## HOW TO COMPLETE THIS TASK
Transcribe only the part of the material below that begins at the line containing "Jeśli chodzi o" and ends at the line containing "Stress & calmness", with both kept and images left out.

## TASK DATA
--

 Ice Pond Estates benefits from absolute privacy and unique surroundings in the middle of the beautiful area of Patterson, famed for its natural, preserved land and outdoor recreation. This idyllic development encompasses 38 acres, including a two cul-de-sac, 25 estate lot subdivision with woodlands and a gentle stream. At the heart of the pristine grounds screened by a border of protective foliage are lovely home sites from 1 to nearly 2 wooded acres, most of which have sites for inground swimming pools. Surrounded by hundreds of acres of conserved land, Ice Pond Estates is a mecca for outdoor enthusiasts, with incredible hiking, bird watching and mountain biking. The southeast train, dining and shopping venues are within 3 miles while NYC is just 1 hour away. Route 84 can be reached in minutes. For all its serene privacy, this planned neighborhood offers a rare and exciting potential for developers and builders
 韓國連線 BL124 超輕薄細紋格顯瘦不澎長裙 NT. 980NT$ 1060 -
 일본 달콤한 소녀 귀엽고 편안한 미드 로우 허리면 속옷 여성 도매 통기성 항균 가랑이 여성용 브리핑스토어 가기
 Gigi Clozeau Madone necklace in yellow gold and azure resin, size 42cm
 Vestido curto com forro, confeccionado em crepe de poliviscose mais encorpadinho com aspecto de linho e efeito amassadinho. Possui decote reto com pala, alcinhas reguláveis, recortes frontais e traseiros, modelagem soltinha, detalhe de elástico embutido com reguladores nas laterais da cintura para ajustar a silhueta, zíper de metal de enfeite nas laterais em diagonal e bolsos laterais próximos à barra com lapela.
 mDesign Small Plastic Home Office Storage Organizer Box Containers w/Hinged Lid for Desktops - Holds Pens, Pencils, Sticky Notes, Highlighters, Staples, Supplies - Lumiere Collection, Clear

--

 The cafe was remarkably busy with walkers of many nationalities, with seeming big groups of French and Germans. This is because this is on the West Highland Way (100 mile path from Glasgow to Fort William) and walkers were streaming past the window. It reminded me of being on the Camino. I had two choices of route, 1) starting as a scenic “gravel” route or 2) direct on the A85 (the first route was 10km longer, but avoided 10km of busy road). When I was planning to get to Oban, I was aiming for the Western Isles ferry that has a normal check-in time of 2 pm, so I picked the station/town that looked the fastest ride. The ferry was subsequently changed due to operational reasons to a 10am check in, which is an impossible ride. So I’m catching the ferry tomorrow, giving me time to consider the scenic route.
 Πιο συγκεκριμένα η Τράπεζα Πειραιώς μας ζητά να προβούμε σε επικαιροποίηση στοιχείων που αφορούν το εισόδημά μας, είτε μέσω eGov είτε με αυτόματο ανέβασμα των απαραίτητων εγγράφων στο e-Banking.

--

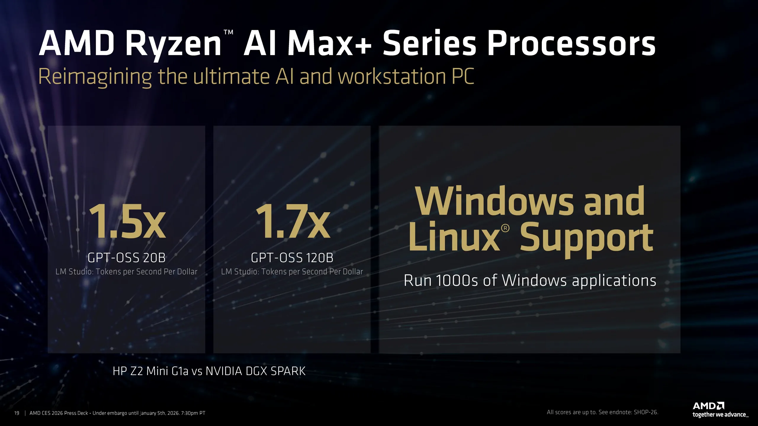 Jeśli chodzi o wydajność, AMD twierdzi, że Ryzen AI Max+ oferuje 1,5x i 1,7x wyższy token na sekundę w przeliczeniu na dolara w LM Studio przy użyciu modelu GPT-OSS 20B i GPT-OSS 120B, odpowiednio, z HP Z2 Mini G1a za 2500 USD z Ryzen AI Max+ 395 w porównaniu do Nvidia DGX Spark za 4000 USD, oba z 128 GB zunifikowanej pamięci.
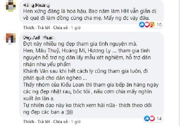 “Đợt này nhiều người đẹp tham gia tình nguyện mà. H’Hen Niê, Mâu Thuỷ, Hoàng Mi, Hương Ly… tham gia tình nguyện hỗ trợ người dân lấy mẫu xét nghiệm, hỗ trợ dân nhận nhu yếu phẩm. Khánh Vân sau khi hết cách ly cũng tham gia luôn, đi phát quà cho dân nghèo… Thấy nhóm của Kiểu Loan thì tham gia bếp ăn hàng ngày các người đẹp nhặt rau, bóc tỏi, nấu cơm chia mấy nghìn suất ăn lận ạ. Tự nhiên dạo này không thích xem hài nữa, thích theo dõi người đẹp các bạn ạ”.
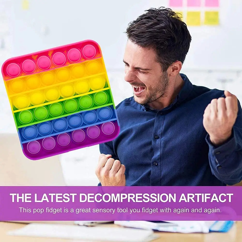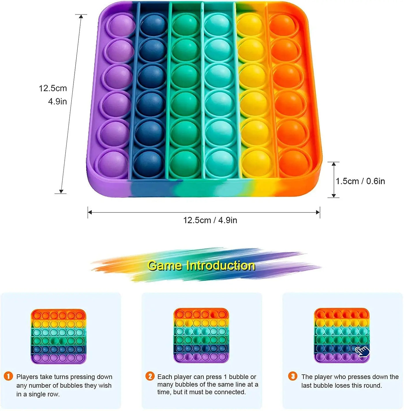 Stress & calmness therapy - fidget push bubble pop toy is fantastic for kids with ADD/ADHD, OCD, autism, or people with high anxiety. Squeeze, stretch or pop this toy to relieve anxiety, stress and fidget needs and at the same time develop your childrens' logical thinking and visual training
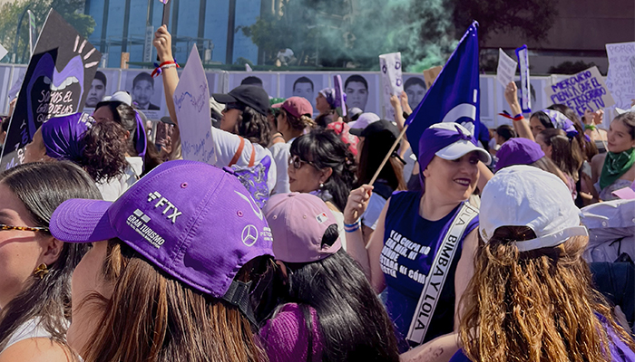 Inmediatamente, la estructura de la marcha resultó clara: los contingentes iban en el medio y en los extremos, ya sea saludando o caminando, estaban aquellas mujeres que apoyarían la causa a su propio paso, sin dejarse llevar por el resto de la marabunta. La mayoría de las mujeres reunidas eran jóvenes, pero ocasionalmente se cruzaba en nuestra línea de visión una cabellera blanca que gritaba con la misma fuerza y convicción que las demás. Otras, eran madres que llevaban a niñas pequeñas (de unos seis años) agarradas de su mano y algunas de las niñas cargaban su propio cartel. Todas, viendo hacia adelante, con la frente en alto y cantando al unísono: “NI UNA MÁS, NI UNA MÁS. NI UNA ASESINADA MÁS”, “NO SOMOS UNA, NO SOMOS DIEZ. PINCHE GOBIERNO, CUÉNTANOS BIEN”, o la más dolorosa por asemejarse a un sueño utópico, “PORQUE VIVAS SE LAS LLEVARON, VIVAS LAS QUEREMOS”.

--

## WRITTEN SOLUTION
 Jeśli chodzi o wydajność, AMD twierdzi, że Ryzen AI Max+ oferuje 1,5x i 1,7x wyższy token na sekundę w przeliczeniu na dolara w LM Studio przy użyciu modelu GPT-OSS 20B i GPT-OSS 120B, odpowiednio, z HP Z2 Mini G1a za 2500 USD z Ryzen AI Max+ 395 w porównaniu do Nvidia DGX Spark za 4000 USD, oba z 128 GB zunifikowanej pamięci.
 “Đợt này nhiều người đẹp tham gia tình nguyện mà. H’Hen Niê, Mâu Thuỷ, Hoàng Mi, Hương Ly… tham gia tình nguyện hỗ trợ người dân lấy mẫu xét nghiệm, hỗ trợ dân nhận nhu yếu phẩm. Khánh Vân sau khi hết cách ly cũng tham gia luôn, đi phát quà cho dân nghèo… Thấy nhóm của Kiểu Loan thì tham gia bếp ăn hàng ngày các người đẹp nhặt rau, bóc tỏi, nấu cơm chia mấy nghìn suất ăn lận ạ. Tự nhiên dạo này không thích xem hài nữa, thích theo dõi người đẹp các bạn ạ”.
 Stress & calmness therapy - fidget push bubble pop toy is fantastic for kids with ADD/ADHD, OCD, autism, or people with high anxiety. Squeeze, stretch or pop this toy to relieve anxiety, stress and fidget needs and at the same time develop your childrens' logical thinking and visual training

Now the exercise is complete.